Asyncio uses a single thread. If you call a regular blocking function inside a coroutine, you freeze the entire event loop — nothing else can run:

import time, asyncio, requests

async def bad_fetch(url):
    response = requests.get(url)    # ❌ BLOCKS the whole event loop!
    return response.text

async def good_fetch(url):
    import aiohttp
    async with aiohttp.ClientSession() as session:
        async with session.get(url) as response:   # ✅ non-blocking
            return await response.text()

The rule: inside an async def function, never call synchronous blocking code (time.sleep, requests.get, file reads with plain open).

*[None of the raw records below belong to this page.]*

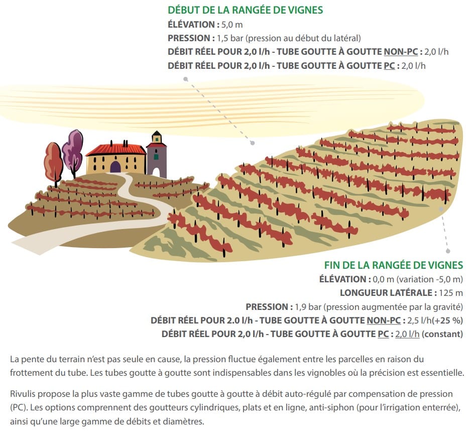 La variation de pression dans un vignoble ne dépend pas uniquement de la pente du terrain : elle peut également se produire à l’intérieur d’un même bloc, en raison des pertes de charge causées par le frottement des conduites. Dans les exploitations où la précision est essentielle, les lignes goutte à goutte à compensation de pression (PC) s’imposent comme une solution incontournable.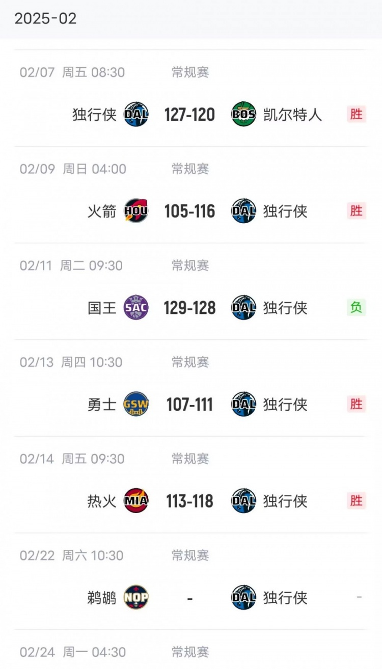 2月14日訊 NBA常規賽,獨行俠118-113力克熱火。據統計,最近5場(chǎng)比賽,獨行俠取得了4勝1負,唯一輸球是加時(shí)不敵國王。目前,獨行俠30勝26負排名西部第八。 標簽: NBA 籃球 西部 獨行俠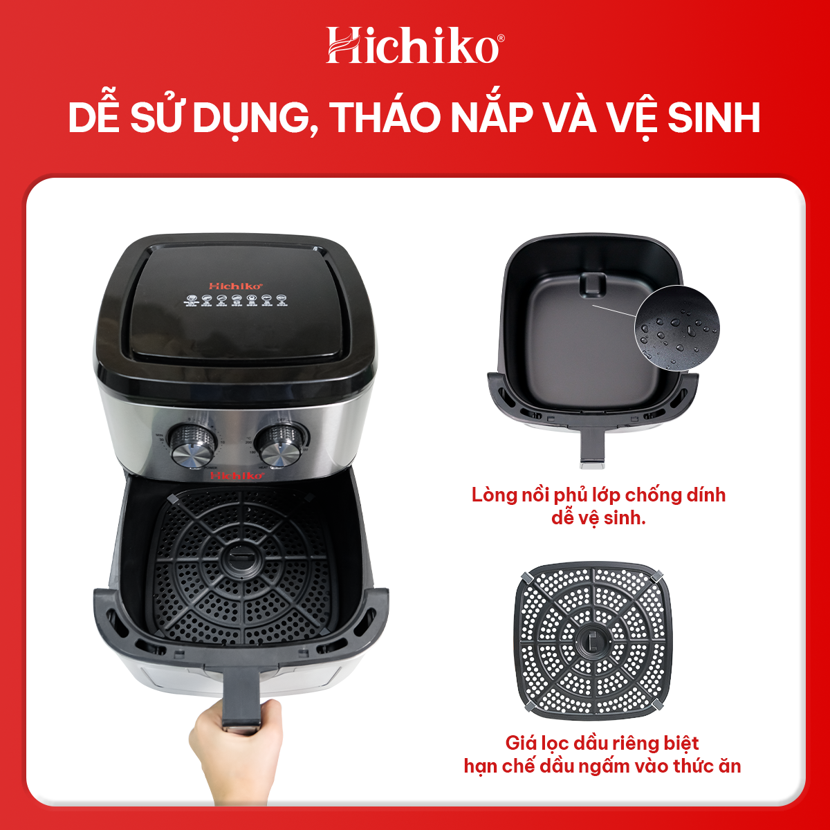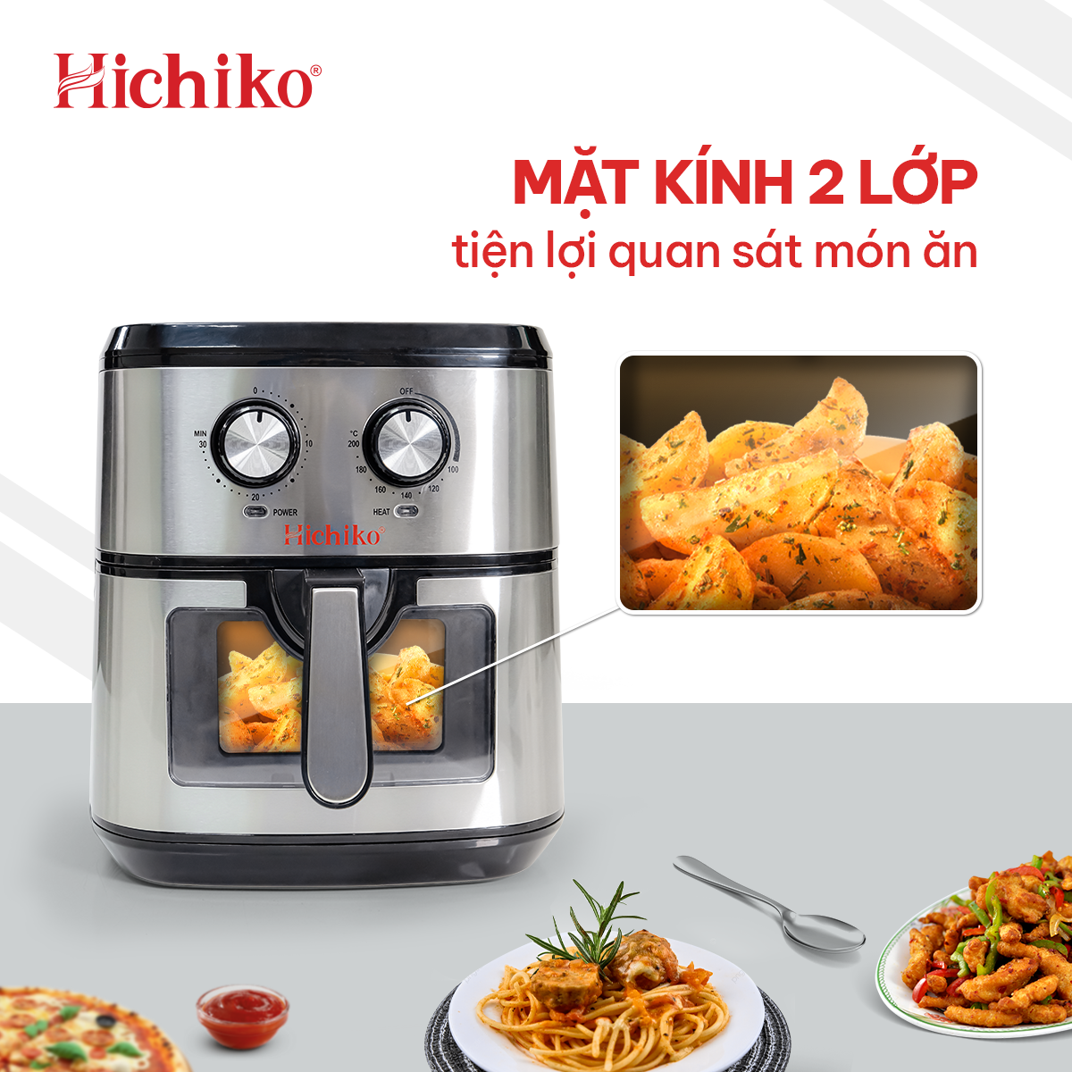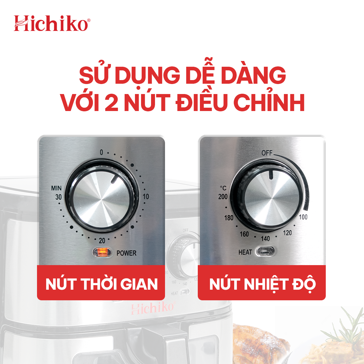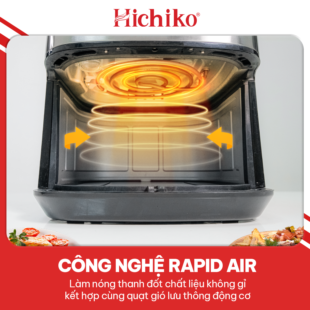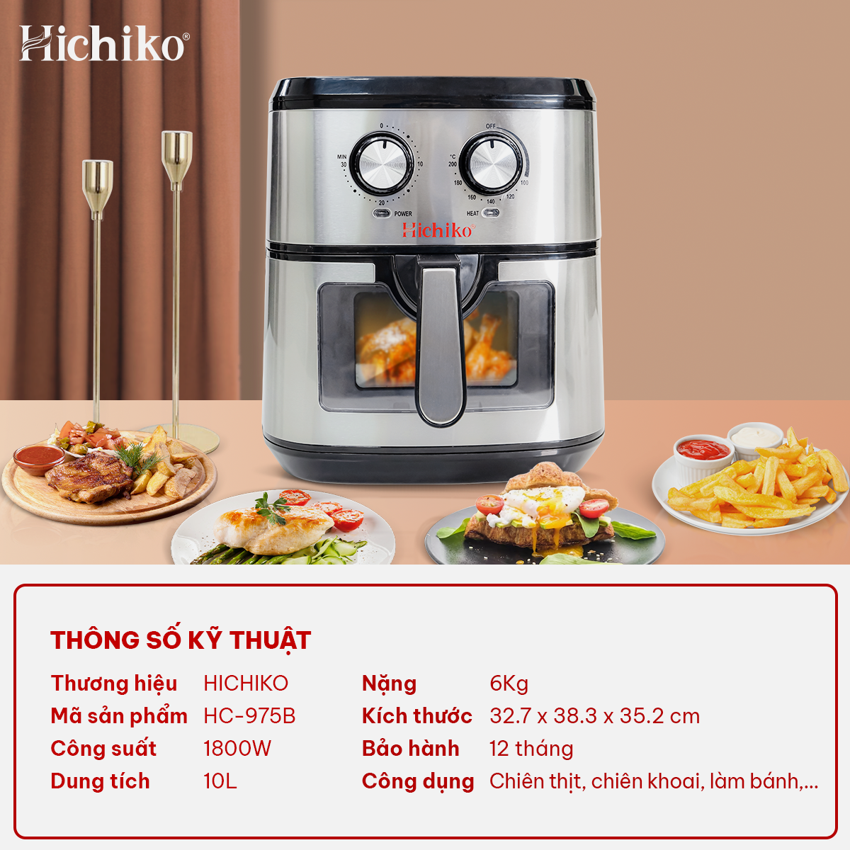 Nồi Chiên Không Dầu Hichiko 10L HC975B, nướng vừa con gà 3kg, công suất 1800W

Use their async equivalents instead.

If you absolutely must call blocking code (e.g., a legacy library), offload it to a thread:

import asyncio

def slow_legacy_function():
    import time
    time.sleep(2)
    return "done"

async def main():
    loop = asyncio.get_event_loop()
    # runs in a thread pool — won't block the event loop
    result = await loop.run_in_executor(None, slow_legacy_function)
    print(result)

When to Use What — Quick Guide

Is the bottleneck CPU computation (matrix math, compression, ML)?
  └── YES → multiprocessing
  └── NO (it's mostly waiting — network, DB, disk)
        ├── Need simple parallelism, small number of tasks?
        │     └── threading
        └── High concurrency (100s of connections), modern codebase?
              └── asyncio  ← usually the best choice for I/O today
ScenarioBest Tool
Scraping 1000 URLsasyncio + aiohttp
Resizing 500 imagesmultiprocessing
10 simultaneous DB queriesasyncio + async DB driver
Calling a blocking legacy librarythreading or run_in_executor
Simple scripts with a few parallel tasksthreading

Putting It All Together

Here’s a complete, real-world async script that fetches multiple API endpoints concurrently, handles errors gracefully, and shows timing:

import asyncio
import time

# Simulated async API calls
async def fetch(endpoint, delay, should_fail=False):
    await asyncio.sleep(delay)
    if should_fail:
        raise ValueError(f"{endpoint} returned 500")
    return {"endpoint": endpoint, "data": f"response from {endpoint}"}

async def main():
    start = time.time()

    tasks = [
        fetch("/users",    2),
        fetch("/orders",   1.5),
        fetch("/products", 1, should_fail=True),   # this one will fail
    ]

    # return_exceptions=True means errors become values, not crashes
    results = await asyncio.gather(*tasks, return_exceptions=True)

    for result in results:
        if isinstance(result, Exception):
            print(f"  ✗ Error: {result}")
        else:
            print(f"  ✓ {result['endpoint']}: {result['data']}")

    print(f"\nTotal time: {time.time() - start:.1f}s")   # ~2.0s

asyncio.run(main())

Output:

  ✓ /users: response from /users
  ✓ /orders: response from /orders
  ✗ Error: /products returned 500

Total time: 2.0s

Three “API calls”, one failure handled cleanly, all done in the time of the slowest single call.


Summary

Where to go next: Once you're comfortable with these basics, explore asyncio.create_task() for fire-and-forget background work, asyncio.Queue for producer-consumer patterns, and aiohttp / httpx for real async HTTP clients.